Advice please?
So I need outside opinions because my friends are tired of hearing about this man and I genuinely cannot tell if I’m being delusional or if there’s actually something here.
Me and this guy started speaking in January literally THREE days before he flew back to his home country (he lives in the UK though). I saw him the last two days before he left and instantly thought wow… this is exactly my type. European, tall,drives, confident, really sweet at first. The second night we slept together and honestly I thought it would just end there once he flew home.
But it didn’t.
We spoke every single day while he was away. Good morning texts, updates, random photos, even videos. At one point he literally sent me a video from a taxi that looked half hanging off a snowy mountain road
Anyway he comes back to the UK and takes me out for food. We ended up eating it in his car and then he drove to his house without warning me. I’m already an anxious person so when he casually goes “you’ll have to meet my parents” I genuinely thought I was going to pass away.
We sat outside his house for like half an hour because I was panicking but eventually we went in and honestly… it went perfect. I hugged his mum, hugged his dad, and when we were alone again he kissed my forehead and told me his parents thought I was beautiful.
TELL ME WHY AFTER THAT THIS MAN COMPLETELY SWITCHED.
Suddenly I’m getting left on delivered for hours. Opened messages. Dry replies. He’d disappear until he wanted to see me again and then act normal in person. It genuinely started messing with my head because whenever we’re together it feels SO good and natural, but when we’re apart it’s like I barely exist to him.

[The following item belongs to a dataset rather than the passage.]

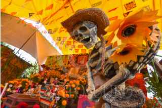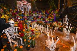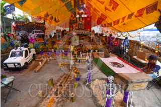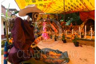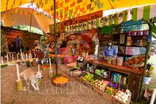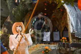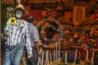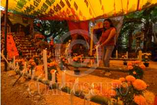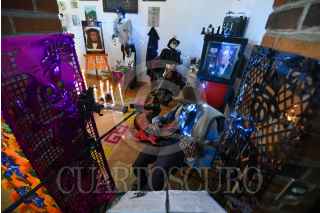 MALINALCO, ESTADO DE MÉXICO, 01NOVIEMBRE2024.- Con ofrendas coloridas y monumentales es como se celebra a los Nuevos Difuntos en Malinalco, los hogares abren sus puertas desde el 28 de octubre hasta el 2 de noviembre a visitantes, en los altares se recrea la vida del fallecido, todos sus gustos y aficiones, en la elaboración las familias llegan a tardarse cerca de 2 meses. Aquellos que visitan las ofrendas llevan una cera o veladora al fallecido lo que representa una luz en su camino y a cambio la familia ofrece dulces, tamales, fruta, pan, ponche, agua o mezcal.FOTO: CRISANTA ESPINOSA AGUILAR /CUARTOSCURO.COM
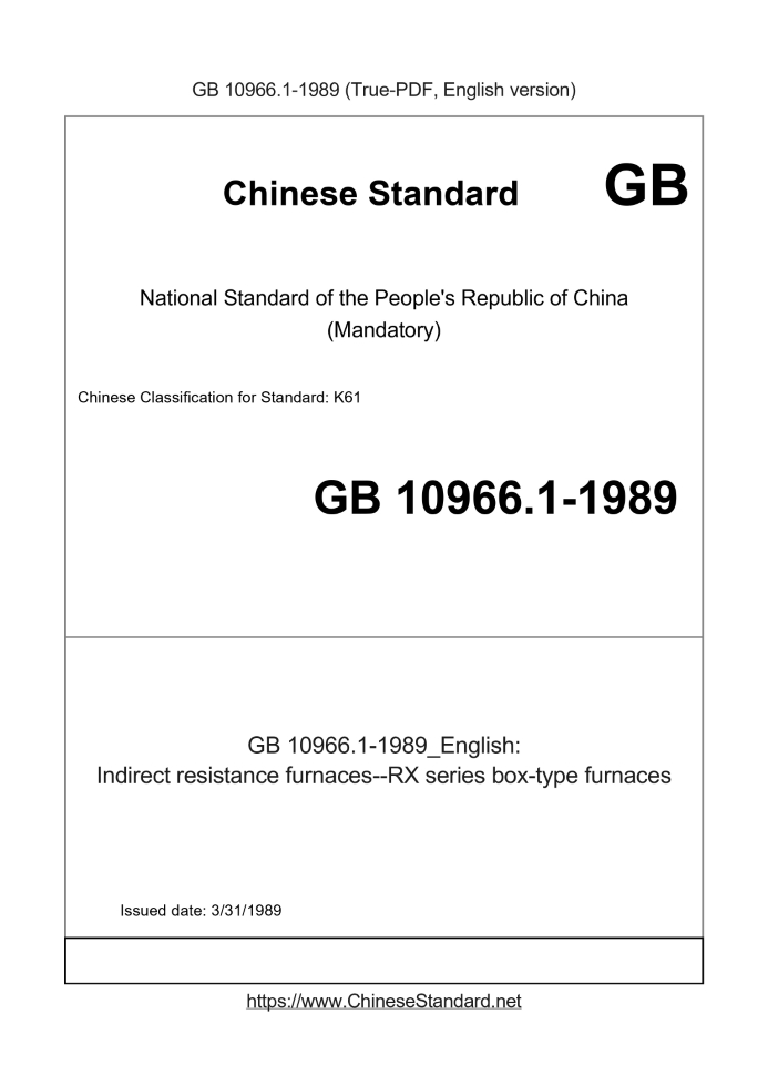 Delivery: <= 4 days. True-PDF full-copy in English will be manually translated and delivered via email. GB 10966.1-1989: Indirect resistance furnaces--RX series box-type furnaces Status: Obsolete

A few days before his birthday I finally blocked him because I was upset and tired of feeling stupid. FOUR DAYS LATER he rings me asking why I removed him. I told him straight up it’s because he never speaks to me properly anymore and he said he’s “busy with work.”which I didn’t understand because my point was how was you able to keep a conversation with me from across the country but not five minutes down the road?
Here’s the thing though… my friend’s ex is HIS friend, and apparently he told them he doesn’t even work right now??? So now I don’t know what to believe because every cancelled plan or excuse has apparently been “work.” Or was “tired” because of work
But stupidly I added him back anyway.
A few days later I saw him again and I swear every single time I’m around him I catch feelings all over again. I brought up how distant he got and told him sometimes I feel like maybe I’ve done something wrong or maybe I’m “too much” or “not enough.” He said he was just going through things mentally and didn’t want to speak to anyone properly while dealing with it.
And honestly? I would’ve believed that completely if he didn’t disappear for TWO WEEKS after.
We haven’t spoken since.
The embarrassing part is… deep down I still feel like me and him are to become something eventually. I KNOW how insane that sounds because logically I can see the mixed signals. But my friend originally set me up with him because apparently he’s never had good relationships and she said I have “too much love to give.” And whenever I’m with him I get this weird stomach feeling like something good is about to happen.
I genuinely cannot tell if this is intuition or me romanticising a man who gives me the bare minimum.
Do I leave this alone or do you think there’s actually something here?